And then she’s gone.
As soon as they’re alone, Tim rounds on Jason.
“Is there a reason you’re treating all of this as a joke?”
“Are we sure it’s not?” Jason asks with a grin that doesn’t dispel the coolness of his eyes. “I’m still waitin' for someone to jump out and yell ‘April Fools’.”
“You’re about a month late for that. And considering the fact you’re legally dead, you could be a little less cavalier with the attention-grabbing non-sequiturs.”
“What, like you? Treatin' this whole thing like it’s a business meeting? This is a person we’re talkin' about—two people.” His gaze flicks nervously to the infant. “And you’re actin' like they’re pieces on a board.”
“Because right now, they are,” Tim snaps. “And because someone has to be getting ahead of this thing. Surprise is no excuse to not have contingency plans.”
“Jesus Christ, but he did a number on you,” Jason groans. “You sound exactly like him.”
“Contrary to popular belief, that’s not always a bad thing. Or would you rather I be channeling Dick right now?”

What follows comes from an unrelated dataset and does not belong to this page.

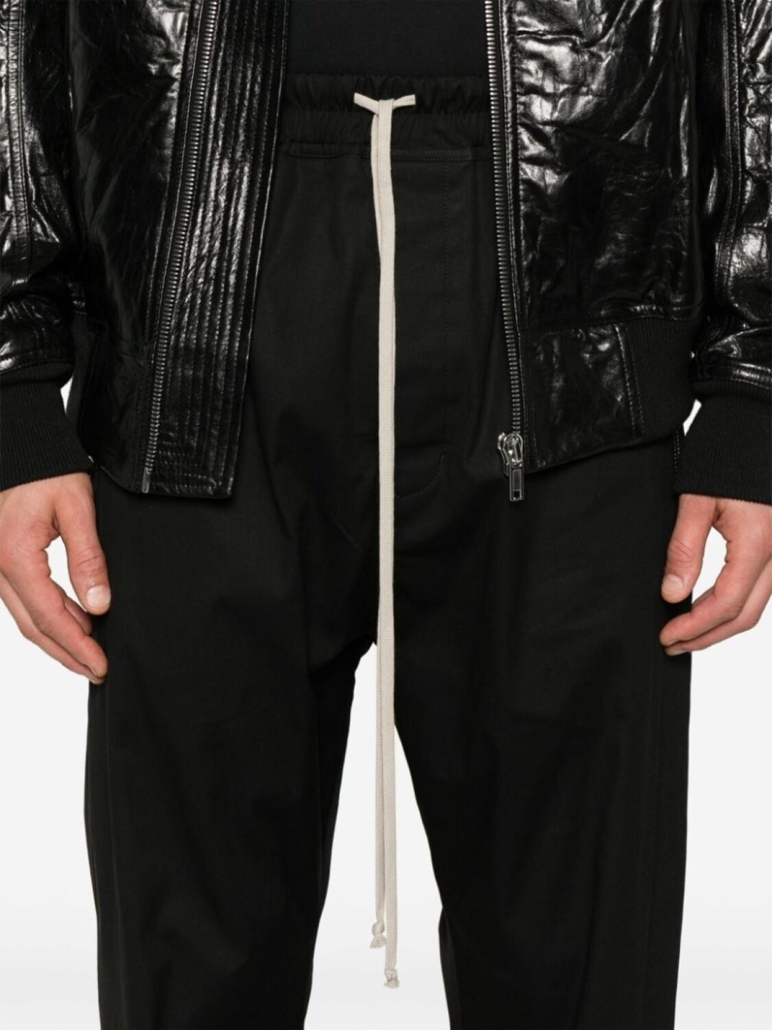 Подробнее о товаре: • черный • смесовый органический хлопок • поплин • эффект потертости • эластичный пояс на шнурке • два кармана на молнии по бокам • два кармана с листочкой сзади • молния на щиколотке • эластичные манжеты • зауженный крой • Ответственный выбор: В составе этого товара есть органический хлопок. Его производитель не использует химические вещества, пестициды и искусственные удобрения и внедряет методы, которые помогают сохранить биоразнообразие, улучшают качество почвы и сокращают потребление воды.

Jason's entire body goes even tauter than it's been since Safiya burst in. "I swear to god if you hug me right now, I will punch you.”

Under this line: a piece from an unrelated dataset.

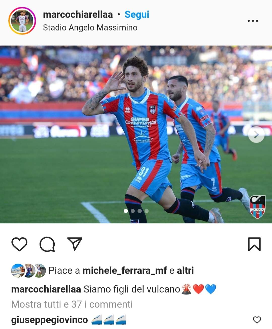 Marco Chiarella, autore del momentaneo 2-0 contro il Ragusa, evidenzia lo spiccato senso d’appartenenza del Catania sottolineando: “Siamo figli del vulcano”. Amici e tifosi incoraggiano Alessandro Russotto a non smettere d’inseguire i propri sogni. Andrea Russotto, invece, ascoltando la canzone ‘Emozioni’ di Lucio Battisti pubblica una foto che lo ritrae esultante dopo il gol.

Tim finds himself wondering if that might not be a good idea; a fight might be better for Jason than a shot of adrenaline.
Or it will land me in a different wing of this hospital. So maybe not.
He’s saved from replying when there’s a knock on the door, and the nurse comes in.
“Visiting hours will be over at nine o’clock,” she says. “If one of you wants to stay the night, I can arrange—”
“We’re not stayin',” Jason says immediately. Noticing her taken-aback expression, he adds, “There’s a bunch of stuff that needs doin'. For the, uh, baby.”
“Of course. Would you like to feed her one last time yourselves? Or we can take care of her in the nursery.”
Tim can see it on Jason’s face that he’s not keen on the exercise. Still, that same business-like set to his shoulders from earlier returns and he allows the nurse to go fetch a bottle of formula.
“Might as well know how to do this myself,” he mutters, almost defensive when he meets Tim’s gaze, and hesitantly picks up the infant on his own.
“I didn’t say anything.”
The entire tableau is so incongruous with what Tim knows of the other man that he’s half-tempted to bring his phone up and snap a few secret shots, if only as evidence. Somehow, he suspects Jason wouldn’t take kindly to it, and whatever goodwill he’s gained tonight will vanish faster than Batman after a meeting with Commissioner Gordon.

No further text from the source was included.